Week 6.2 - Data Analysis
Week 6.2 - Data Analysis
Levels of Measurement: (want to understand what kind of data you have and have an understanding of what you are collecting)
- Nominal-scale (lowest form of measurement): data organized into categories of defined property but cannot be ordered, must be exclusive and exhaustive
- Ordinal-scale: categories that can be ranked, but of unequal intervals
- Interval scale: follow rules of mutually exclusive categories, exhaustive categories, and rank ordering and are assumed to represent a continuum (equal numerical distances between intervals). No absolute zero
- Ratio-scale (highest form of measurement): have all of the above, plus absolute zero (weight, length and volume)
Managing the Data:
- what are the steps in quantitative data management? ideas?
- very precise
- Have we lost any of the data? How do you handle it when the person does not answer a question?
What are the Descriptive Statistics?
- description and/or summarization of sample data
- allow researchers to arrange data visually to display meaning and to help in understanding the sample characteristics and variables under study
- in some studies, descriptive statistics may be the only results sought from statistical analysis
- looking at means, summary of the variables
- when would the median be preferred descriptive central tendency statistic?
Purpose of Descriptive Statistics:
- reduce data to manageable proportions by summarizing them:
- measure of central tendency: summarizes the middle of the group; each measure has specific uses and is most appropriate to select types of distribution and measurement; an "average" (mode = most frequent score // median = middle score // mean = average score)
- scatter plot
Frequency of Distribution:
- common basic way to organize data
- summarizes the occurrences of events under study; tallies the frequency of events
- cohort groups are sometimes created to investigate the frequencies of certain data
- a theoretical concept that observes that interval or ratio data group themselves about a midpoint in a distribution closely approximating the normal curve
- skewness: not all data follow a normal curve
- Positive skew equals low range mean (ex. world income)
- Negative skew equals high range mean (ex. age at death)

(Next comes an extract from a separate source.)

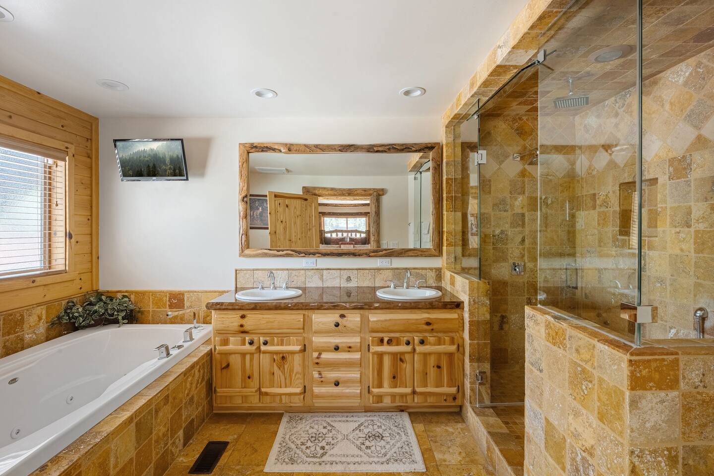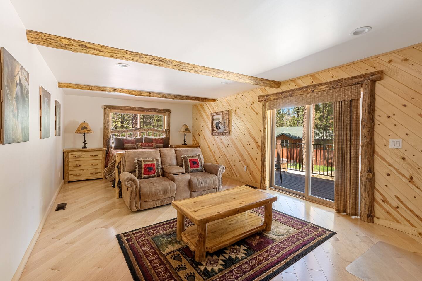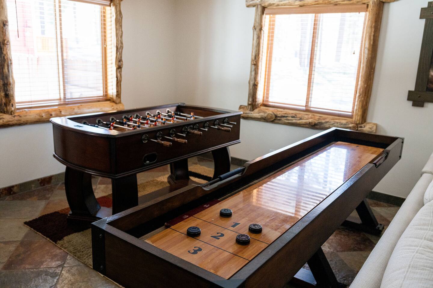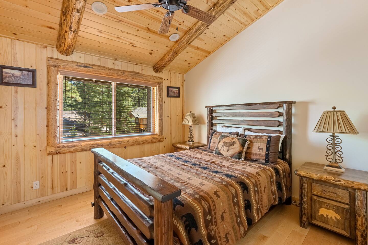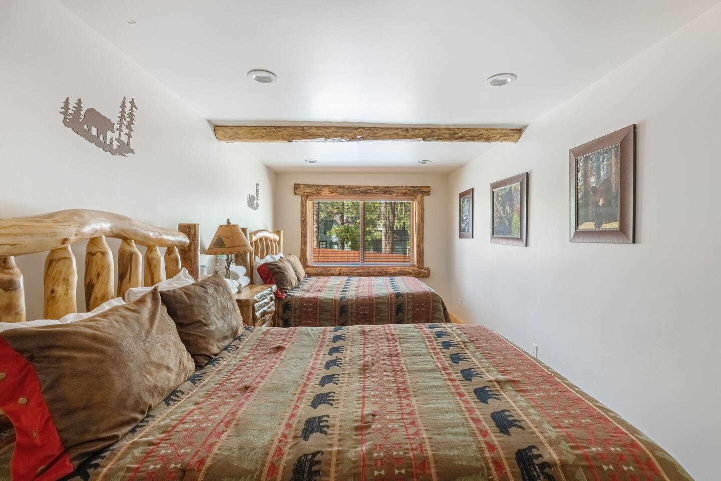 Welcome to Silver Fox Cabin! Tucked among the towering pines of Big Bear’s peaceful Fox Farm neighborhood, Silver Fox Cabin is a spectacular luxury retreat designed for unforgettable mountain getaways. With 2 spacious levels, 6 beautifully appointed bedrooms, and 4 full bathrooms, this grand cabin offers plenty of room for families and friends to relax, reconnect, and make lasting memories. Whether you're gathering around the fireplace after a day on the slopes or enjoying a lively evening in one of the game rooms, Silver Fox Cabin delivers comfort, style, and entertainment at every turn. Inside, the home blends rustic mountain charm with upscale amenities. The open-concept upper level features a warm and inviting living room with a cozy gas fireplace and large TV that’s perfect for movie nights or quiet mornings with coffee. Just steps away, the fully stocked gourmet kitchen makes it easy to cook for a crowd, with stainless steel appliances, a gas range, and both Keurig and classic drip coffee makers to start your day right. The adjacent dining area and breakfast bar provide plenty of seating, while the wraparound deck invites guests to step outside and enjoy fresh mountain air while grilling or dining under the trees. Silver Fox Cabin is designed for fun as much as relaxation. The 2 dedicated game rooms provide entertainment for every age, featuring a pool table, foosball table, shuffleboard, comfortable seating areas, and multiple TVs with Roku. After a day of adventure, guests can retreat to one of the cabin’s spacious bedrooms including 2 luxurious primary suites with ensuite bathrooms offering comfortable beds, cozy seating, and quiet spaces to unwind. The kitchen is fully-stocked and all bedding & linens are provided by our professional cleaning crew. Guests have access to free high speed Wi-Fi, TVs with Roku, & countless upscale amenities. The outdoor space truly makes Silver Fox Cabin stand out. Set on a fully fenced half-acre property, the backyard feels like a private mountain playground. Guests can soak beneath the stars in the hot tub, challenge friends to a game on the full basketball court or beach volleyball court, or relax with corn-hole and horseshoes in the fresh alpine air. The upper deck is perfect for outdoor dining and barbecues, while the spacious yard offers plenty of room for pets and kids to play. Perfectly located just minutes from Big Bear’s best attractions, Silver Fox Cabin makes it easy to enjoy everything the area has to offer. Bear Mountain and Snow Summit ski resorts are only a short drive away, and Big Bear Village with its charming shops, restaurants, and lakefront activities is just a 6-8 minute car ride from the cabin. From hiking and biking in the summer to skiing and snowboarding in the winter, adventure is always close by. Whether you're planning a family reunion, a getaway with friends, or a mountain escape with your pets, Silver Fox Cabin offers the perfect blend of luxury, comfort, and recreation as your own private lodge in the heart of Big Bear. ========== LOCATION For your convenience, Silver Fox Cabin is in the upscale Fox Farm neighborhood of Big Bear & perfectly located just minutes from tons of activities including hiking, golfing, skiing, biking, swimming, & more. This grand retreat is 2.2 miles from Bear Mountain, 1.6 miles from Snow Summit, and a quick 6-8 minute drive to Big Bear Village downtown shops & restaurants. ========== ROOM DESCRIPTIONS * LIVING ROOM: The beautiful living room is located on the upper level and has a gas fireplace, an LG TV with Roku, a sofa, skylights, a ceiling fan, and additional seating for guests. * KITCHEN: The gourmet kitchen is located on the upper level. It has stainless steel appliances, cooking basics, a spice rack, a Keurig coffee maker, a classic drip style coffee maker, and access to the wraparound deck. Appliances include a dishwasher, a refrigerator, a freezer with an ice maker, a toaster, an LG microwave, a Ninja blender, a food processor, a crock pot, barbecue tools, and a DCS by Fisher & Paykel gas range (oven and stove) with a griddle. The island has a prep sink and a breakfast bar with stool seats for guests. * DINING AREA: The open-concept dining area is located on the upper level and offers access to the wraparound deck. It has a rustic dining table with seating for 8 guests. * GAME ROOM #1: The upper level game room has a pool table, guest seating, a bar top table with stools, a ceiling fan, and a 60” LG TV with Roku. * GAME ROOM #2: The lower level game room with a sectional sofa, a 72” Samsung Smart TV, seating areas with 8 stools, a foosball table, a shuffleboard table, and access to the outdoor full basketball court. * LAUNDRY ROOM: This laundry room is located on the lower level near Game Room #2. It has a full size washer and a full size dryer for guest use. ========== BEDROOM DESCRIPTIONS This cabin has 6 bedrooms. It has 2 primary suites with ensuite bathrooms. The first primary suite is located on the upper level and the second primary suite is located on the lower level. * BEDROOM #1 (Primary Suite): This primary suite on the upper level has 1 king bed, a ceiling fan, a TV with Roku, a dresser, 2 chairs, and an ensuite bathroom (Bathroom #1). * BEDROOM #2: This bedroom on the upper level has 1 queen bed, a closet, built-in shelves, wood floor, and a ceiling fan. * BEDROOM #3 (Bunk Bed Room): This bedroom on the upper level has 1 queen bed, dresser, 1 bunk bed (1 twin bed over 1 queen bed), a closet, a ceiling fan, and an LG TV with Roku. * BEDROOM #4: This bedroom on the lower level has 1 full bed, wood floor, and a closet. * BEDROOM #5: This bedroom on the lower level has 2 queen beds and a closet. * BEDROOM #6 (Primary Suite): This primary suite on the lower level has 1 king bed, a loveseat with 2 recliners, a closet, a TV, a desk, and an ensuite bathroom (Bathroom #4). ========== BATHROOMS DESCRIPTIONS This cabin has 4 full bathrooms. * BATHROOM #1: This full

Decision Path: Descriptive Statistics
- used to determine the probability (or likelihood) that a conclusion based on the analysis of data from a sample is true
- use the calculated sample statistic – the mean or SD calculated from the sample to estimate the population parameter
- combines mathematical processes and logic; allows researchers to test hypotheses about a population using data obtained from probability and nonprobability samples
- make inferences about the data that we have; looking at the probability and basing your conclusion on the data you have
- probability deals with the relative likelihood that a certain event will or will not occur, relative to some other events
- to describe the data that you have
Parametric VS. Nonparametric:
- Parametric - more powerful and more flexible than nonparametric; used with interval and ratio
- attributes: estimation of a population parameter; interval/ratio measurement scale; normal distribution (if it does not follow a normal distribution then do nonparametric)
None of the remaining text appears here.